Mean age-adjusted seroprevalences for antibodies against HSV-1 were >90% with small confidence intervals in samples from Brazil and Turkey, whereas the other four countries showed lower mean age-adjusted seroprevalences (range 62.5–87.9%) with large 95% confidence intervals indicating pronounced differences across the seven age groups (Table 3).

Samples from Brazilian women showed elevated age-standardised seroprevalences of antibodies against HSV-2 (40.1%), C. trachomatis (46.8%) and B. pertussis (56.6%) compared to the other five countries. Age-standardised seroprevalences of anti-T. gondii antibodies (0.5%) and anti-parvovirus B19 antibodies (7.5%) were low in samples from Chinese women, compared to the other five countries. Samples from German women revealed a low age-standardised seroprevalence of anti-CMV antibodies (28.8%) compared to the other five countries.

Discussion

Summary

The primary objective of the current study was to present an overview about seroprevalences of ten ToRCH pathogens (T. gondii, rubella virus, CMV, HSV-1, HSV-2, B. pertussis, C. trachomatis, parvovirus B19, T. pallidum, VZV) based on 1009 serum samples from women of childbearing age residing in six countries (Mexico, Brazil, Germany, Poland, Turkey and China). The most obvious findings to emerge from this comparative analysis were elevated seroprevalences of antibodies against T. gondii, HSV-2, B. pertussis and C. trachomatis in samples from Brazilian women. Across the six countries, Chinese women had the lowest seroprevalence of antibodies against T. gondii and parvovirus B19, whereas German women had the lowest seroprevalence of anti-CMV antibodies. As expected, the observed seroprevalences speak in favour of global differences in immune status advocating country-specific infection prophylaxis strategies.

To the best of our knowledge, the current study is the first to provide seroprevalences of antibodies against multiple pathogens of the ToRCH complex in women of childbearing age residing in Mexico, Germany and Poland. The discussion of the observations presented in this study is largely based on comparison to previous research studying one of the ToRCH pathogens and is therefore ordered by pathogen.

Toxoplasma gondii

Of the Brazilian women evaluated for the presence of anti-T. gondii antibodies, 59% showed IgG-positive results, which indicates a past infection/chronic phase. The remaining women were seronegative for IgG, representing a population at risk of developing toxoplasmosis throughout the gestational period. These results were very similar to data found in other regions of Brazil [18, 19].

These results indicate that Brazil has a relatively high seroprevalence of antibodies against T. gondii in comparison with the other countries. The high anti-T. gondii IgG seroprevalence found there may be explained by climatic, geographic and socioeconomic characteristics of these countries.

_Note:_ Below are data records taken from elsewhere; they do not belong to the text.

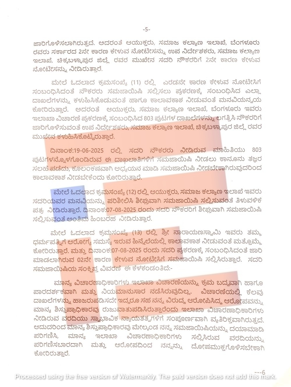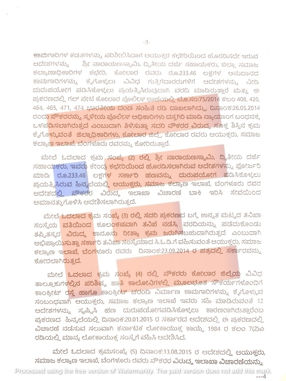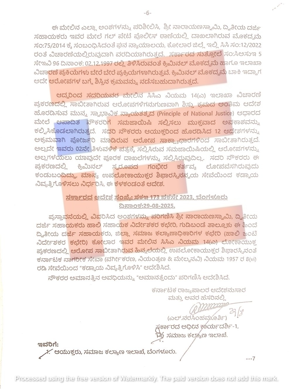 ಆದರೆ ಈ ಮಧ್ಯೆ ನಾರಾಯಣಸ್ವಾಮಿ ವಿರುದ್ಧ ಇಲಾಖೆ ವಿಚಾರಣೆ ಬಾಕಿ ಇರಿಸಿ ಅಮಾನತನ್ನು ತೆರವುಗೊಳಿಸಿತ್ತು. ಈ ಆರೋಪಿತ ನೌಕರನನ್ನು ಚಿಕ್ಕಬಳ್ಳಾಪುರ ಜಿಲ್ಲೆಯ ಗುಡಿಬಂಡೆ ತಾಲೂಕಿನ ಸಮಾಜ ಕಲ್ಯಾಣಾಧಿಕಾರಿ ಕಚೇರಿಯಲ್ಲಿ ದ್ವಿತೀಯ ದರ್ಜೆ ಸಹಾಯಕರ ಹುದ್ದೆಗೆ ಸ್ಥಳ ನಿಯುಕ್ತಿಗೊಳಿಸಿ ಆದೇಶ ಹೊರಡಿಸಲಾಗಿತ್ತು.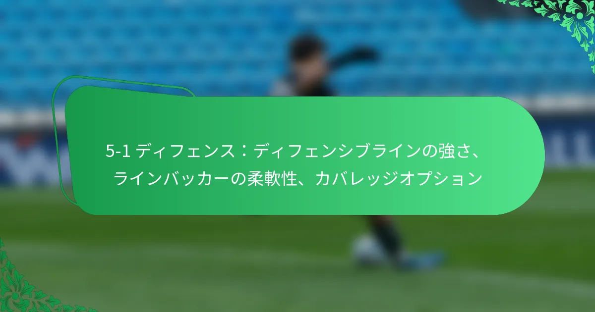 5-1ディフェンスは、さまざまな攻撃戦略に適応できるカバレッジオプションを提供します。主要なカバレッジスキームには、ゾーンカバレッジとマンカバレッジがあり、それぞれに強みと弱みがあります。これらのオプションを理解することは、ゲーム状況で5-1ディフェンスを効果的に実施するために重要です。
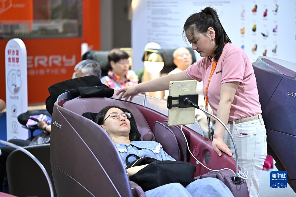4月14日,观众在消博会上体验按摩沙发。
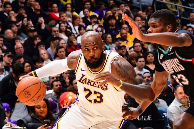 即便如此,灰熊队还是全民皆兵,在半场领先湖人队两位数!一时间,给湖人球迷看呆了。好在下半场,湖人队奋起直追,第三节这儿拿一点分,那边拿一点分,将分差追至个位数。而到了末节之争,詹姆斯开始发力,41岁的他一个人就快把灰熊队的内线给打穿了。而詹姆斯的威慑力,也给湖人队外线带来了大量的机会,于是东契奇连续两记三分命中,而随着詹姆斯快攻打成2+1时,这场比赛基本没什么悬念了。不过灰熊队小将韦尔斯仍然不信邪,各种夸张的干拔三分,让湖人球迷的心又提到了嗓子眼。奈何分差始终在两个回合以外,所以韦尔斯的努力也成了徒劳。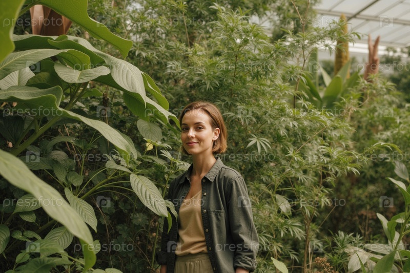 Портрет молодой взрослой женщины, стоящей и улыбающейся в тепличном саду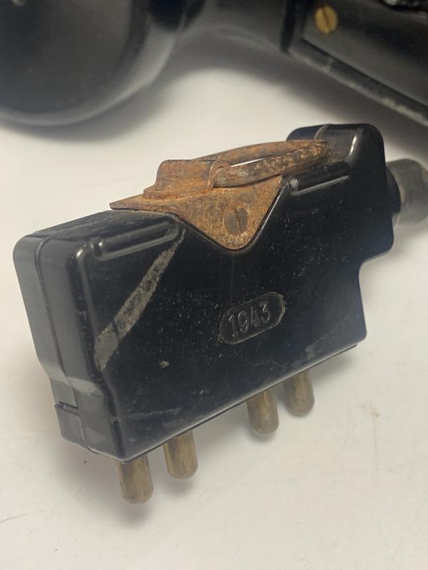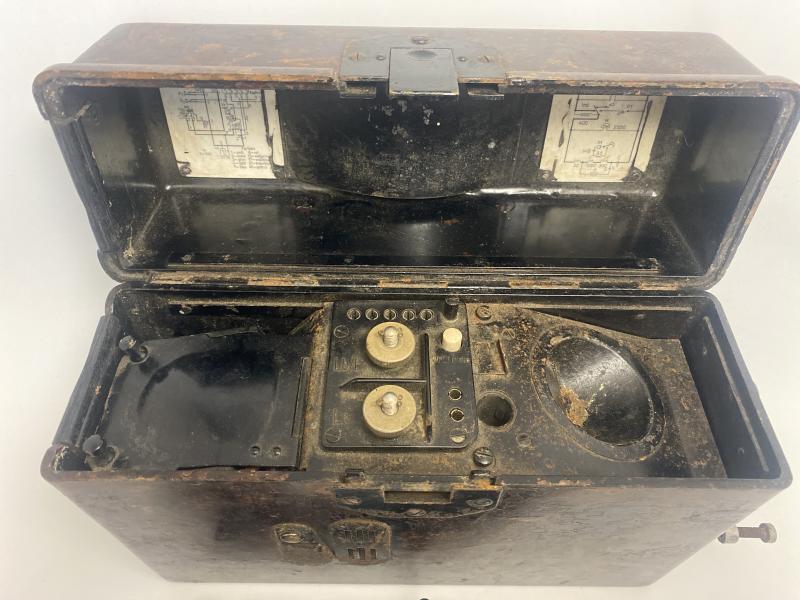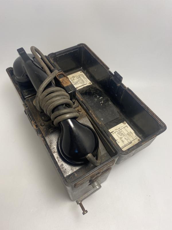 Original German army field telephone complete with battery and handpeice. Field phone WaA marked and dated 1942 with a 1943 dated hand piece. Everything moves and functions like it should. An old French battery is still connected inside. This item has not been tested to see if it is working so is being sold as a non working piece. Whinding handle present on the side of the case.

Seroprevalences of antibodies against T. gondii in China were reported to range between 5% based on a survey conducted between 1988 and 1992 and 25% in provinces with particular eating habits of the respective resident ethnic group [20]. Between 2001 and 2004, the mean seroprevalence of 15 Chinese provinces was 8% [21]. The present finding of the seroprevalence of antibodies against T. gondii in Chinese women of 1% seems to be rather low when compared with previous studies. This might be explained by the recentness of the study. In Turkish women, the observed seroprevalence for anti-T. gondii IgG (26%) was not in agreement with an earlier study reporting 48% among pregnant women [22]. Explanations for this disagreement might be that the study by Tamer et al. and the present one were performed roughly 10 years apart from each other, assessed women from two far-off regions of Turkey (Kocaeli vs. Izmir) and used different techniques (ELISA vs. immunoblot).

Rubella

Various inoculation strategies have been employed worldwide to prevent rubella infections. Compared with evidence from 2010, the seroprevalence of anti-rubella antibodies increased from 93% to 98% in Brazilian women [19]. In several countries, e.g. Latin America and Europe, vaccination campaigns against rubella have contributed to these high immunisation rates. The percentages of women at risk for congenital transmission of rubella were very low in all tested countries.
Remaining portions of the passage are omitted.